* The problem *
Retype each line below precisely.
- - - - - - -
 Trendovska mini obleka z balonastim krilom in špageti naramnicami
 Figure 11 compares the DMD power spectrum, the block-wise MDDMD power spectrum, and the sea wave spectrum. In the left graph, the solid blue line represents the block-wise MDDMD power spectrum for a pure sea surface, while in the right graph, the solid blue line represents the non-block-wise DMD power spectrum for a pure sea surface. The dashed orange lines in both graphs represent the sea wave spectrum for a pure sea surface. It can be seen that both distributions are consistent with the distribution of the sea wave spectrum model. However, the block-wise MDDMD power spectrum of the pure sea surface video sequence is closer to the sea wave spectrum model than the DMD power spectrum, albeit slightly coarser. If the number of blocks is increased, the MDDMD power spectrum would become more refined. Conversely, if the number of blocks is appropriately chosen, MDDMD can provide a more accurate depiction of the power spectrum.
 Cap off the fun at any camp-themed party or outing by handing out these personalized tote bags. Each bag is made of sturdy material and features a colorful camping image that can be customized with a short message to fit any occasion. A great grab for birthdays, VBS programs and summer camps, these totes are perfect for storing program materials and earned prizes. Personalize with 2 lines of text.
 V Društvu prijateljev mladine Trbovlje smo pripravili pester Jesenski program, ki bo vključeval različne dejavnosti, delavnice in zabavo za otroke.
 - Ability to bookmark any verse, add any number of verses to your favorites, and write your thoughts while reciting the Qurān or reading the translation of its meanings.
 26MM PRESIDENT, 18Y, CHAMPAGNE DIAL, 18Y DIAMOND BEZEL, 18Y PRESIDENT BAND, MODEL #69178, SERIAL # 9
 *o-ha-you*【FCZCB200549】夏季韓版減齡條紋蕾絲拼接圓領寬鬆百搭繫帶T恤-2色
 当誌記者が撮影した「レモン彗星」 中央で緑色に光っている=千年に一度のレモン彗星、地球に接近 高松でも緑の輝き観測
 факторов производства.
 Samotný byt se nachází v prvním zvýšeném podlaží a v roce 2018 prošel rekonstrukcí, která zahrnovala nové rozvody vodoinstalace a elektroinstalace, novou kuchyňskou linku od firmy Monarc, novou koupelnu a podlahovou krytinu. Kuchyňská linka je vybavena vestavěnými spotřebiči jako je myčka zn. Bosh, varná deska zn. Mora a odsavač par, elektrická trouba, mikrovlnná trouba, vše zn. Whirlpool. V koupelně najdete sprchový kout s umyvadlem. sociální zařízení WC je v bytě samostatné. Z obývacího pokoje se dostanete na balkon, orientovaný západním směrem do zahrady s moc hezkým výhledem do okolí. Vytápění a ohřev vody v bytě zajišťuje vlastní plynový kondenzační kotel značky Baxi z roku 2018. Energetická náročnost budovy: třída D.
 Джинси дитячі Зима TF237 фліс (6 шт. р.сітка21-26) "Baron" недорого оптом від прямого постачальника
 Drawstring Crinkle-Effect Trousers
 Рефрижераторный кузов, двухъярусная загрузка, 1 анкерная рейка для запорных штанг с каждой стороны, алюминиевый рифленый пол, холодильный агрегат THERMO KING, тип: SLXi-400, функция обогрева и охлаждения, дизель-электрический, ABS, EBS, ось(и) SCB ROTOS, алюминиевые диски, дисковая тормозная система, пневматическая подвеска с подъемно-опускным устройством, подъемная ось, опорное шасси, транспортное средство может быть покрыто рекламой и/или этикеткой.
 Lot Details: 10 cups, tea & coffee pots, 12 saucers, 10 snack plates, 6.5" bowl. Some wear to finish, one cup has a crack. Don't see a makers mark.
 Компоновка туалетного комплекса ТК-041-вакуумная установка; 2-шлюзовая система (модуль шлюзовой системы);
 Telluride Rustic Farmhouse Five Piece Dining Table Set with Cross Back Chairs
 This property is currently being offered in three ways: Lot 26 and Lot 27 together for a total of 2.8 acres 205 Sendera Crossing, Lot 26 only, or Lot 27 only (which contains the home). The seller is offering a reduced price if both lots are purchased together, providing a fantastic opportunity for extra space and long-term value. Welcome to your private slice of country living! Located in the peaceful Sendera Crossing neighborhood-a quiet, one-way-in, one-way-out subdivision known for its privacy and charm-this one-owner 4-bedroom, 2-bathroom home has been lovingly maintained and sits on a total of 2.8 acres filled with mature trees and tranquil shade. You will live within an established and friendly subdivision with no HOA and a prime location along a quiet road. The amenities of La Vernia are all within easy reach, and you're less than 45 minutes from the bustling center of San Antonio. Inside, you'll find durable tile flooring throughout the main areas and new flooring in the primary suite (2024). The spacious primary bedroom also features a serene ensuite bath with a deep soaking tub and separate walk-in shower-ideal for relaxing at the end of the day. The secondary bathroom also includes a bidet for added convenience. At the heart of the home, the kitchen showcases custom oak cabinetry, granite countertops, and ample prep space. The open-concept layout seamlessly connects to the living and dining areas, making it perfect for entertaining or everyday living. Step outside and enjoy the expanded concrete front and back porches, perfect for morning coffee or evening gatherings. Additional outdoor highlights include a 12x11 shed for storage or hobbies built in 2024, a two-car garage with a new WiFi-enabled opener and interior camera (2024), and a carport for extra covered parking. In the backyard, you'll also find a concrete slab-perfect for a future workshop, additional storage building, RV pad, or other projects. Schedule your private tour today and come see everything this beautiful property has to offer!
- - - - - - -
* Response box *
 Trendovska mini obleka z balonastim krilom in špageti naramnicami
 Figure 11 compares the DMD power spectrum, the block-wise MDDMD power spectrum, and the sea wave spectrum. In the left graph, the solid blue line represents the block-wise MDDMD power spectrum for a pure sea surface, while in the right graph, the solid blue line represents the non-block-wise DMD power spectrum for a pure sea surface. The dashed orange lines in both graphs represent the sea wave spectrum for a pure sea surface. It can be seen that both distributions are consistent with the distribution of the sea wave spectrum model. However, the block-wise MDDMD power spectrum of the pure sea surface video sequence is closer to the sea wave spectrum model than the DMD power spectrum, albeit slightly coarser. If the number of blocks is increased, the MDDMD power spectrum would become more refined. Conversely, if the number of blocks is appropriately chosen, MDDMD can provide a more accurate depiction of the power spectrum.
 Cap off the fun at any camp-themed party or outing by handing out these personalized tote bags. Each bag is made of sturdy material and features a colorful camping image that can be customized with a short message to fit any occasion. A great grab for birthdays, VBS programs and summer camps, these totes are perfect for storing program materials and earned prizes. Personalize with 2 lines of text.
 V Društvu prijateljev mladine Trbovlje smo pripravili pester Jesenski program, ki bo vključeval različne dejavnosti, delavnice in zabavo za otroke.
 - Ability to bookmark any verse, add any number of verses to your favorites, and write your thoughts while reciting the Qurān or reading the translation of its meanings.
 26MM PRESIDENT, 18Y, CHAMPAGNE DIAL, 18Y DIAMOND BEZEL, 18Y PRESIDENT BAND, MODEL #69178, SERIAL # 9
 *o-ha-you*【FCZCB200549】夏季韓版減齡條紋蕾絲拼接圓領寬鬆百搭繫帶T恤-2色
 当誌記者が撮影した「レモン彗星」 中央で緑色に光っている=千年に一度のレモン彗星、地球に接近 高松でも緑の輝き観測
 факторов производства.
 Samotný byt se nachází v prvním zvýšeném podlaží a v roce 2018 prošel rekonstrukcí, která zahrnovala nové rozvody vodoinstalace a elektroinstalace, novou kuchyňskou linku od firmy Monarc, novou koupelnu a podlahovou krytinu. Kuchyňská linka je vybavena vestavěnými spotřebiči jako je myčka zn. Bosh, varná deska zn. Mora a odsavač par, elektrická trouba, mikrovlnná trouba, vše zn. Whirlpool. V koupelně najdete sprchový kout s umyvadlem. sociální zařízení WC je v bytě samostatné. Z obývacího pokoje se dostanete na balkon, orientovaný západním směrem do zahrady s moc hezkým výhledem do okolí. Vytápění a ohřev vody v bytě zajišťuje vlastní plynový kondenzační kotel značky Baxi z roku 2018. Energetická náročnost budovy: třída D.
 Джинси дитячі Зима TF237 фліс (6 шт. р.сітка21-26) "Baron" недорого оптом від прямого постачальника
 Drawstring Crinkle-Effect Trousers
 Рефрижераторный кузов, двухъярусная загрузка, 1 анкерная рейка для запорных штанг с каждой стороны, алюминиевый рифленый пол, холодильный агрегат THERMO KING, тип: SLXi-400, функция обогрева и охлаждения, дизель-электрический, ABS, EBS, ось(и) SCB ROTOS, алюминиевые диски, дисковая тормозная система, пневматическая подвеска с подъемно-опускным устройством, подъемная ось, опорное шасси, транспортное средство может быть покрыто рекламой и/или этикеткой.
 Lot Details: 10 cups, tea & coffee pots, 12 saucers, 10 snack plates, 6.5" bowl. Some wear to finish, one cup has a crack. Don't see a makers mark.
 Компоновка туалетного комплекса ТК-041-вакуумная установка; 2-шлюзовая система (модуль шлюзовой системы);
 Telluride Rustic Farmhouse Five Piece Dining Table Set with Cross Back Chairs
 This property is currently being offered in three ways: Lot 26 and Lot 27 together for a total of 2.8 acres 205 Sendera Crossing, Lot 26 only, or Lot 27 only (which contains the home). The seller is offering a reduced price if both lots are purchased together, providing a fantastic opportunity for extra space and long-term value. Welcome to your private slice of country living! Located in the peaceful Sendera Crossing neighborhood-a quiet, one-way-in, one-way-out subdivision known for its privacy and charm-this one-owner 4-bedroom, 2-bathroom home has been lovingly maintained and sits on a total of 2.8 acres filled with mature trees and tranquil shade. You will live within an established and friendly subdivision with no HOA and a prime location along a quiet road. The amenities of La Vernia are all within easy reach, and you're less than 45 minutes from the bustling center of San Antonio. Inside, you'll find durable tile flooring throughout the main areas and new flooring in the primary suite (2024). The spacious primary bedroom also features a serene ensuite bath with a deep soaking tub and separate walk-in shower-ideal for relaxing at the end of the day. The secondary bathroom also includes a bidet for added convenience. At the heart of the home, the kitchen showcases custom oak cabinetry, granite countertops, and ample prep space. The open-concept layout seamlessly connects to the living and dining areas, making it perfect for entertaining or everyday living. Step outside and enjoy the expanded concrete front and back porches, perfect for morning coffee or evening gatherings. Additional outdoor highlights include a 12x11 shed for storage or hobbies built in 2024, a two-car garage with a new WiFi-enabled opener and interior camera (2024), and a carport for extra covered parking. In the backyard, you'll also find a concrete slab-perfect for a future workshop, additional storage building, RV pad, or other projects. Schedule your private tour today and come see everything this beautiful property has to offer!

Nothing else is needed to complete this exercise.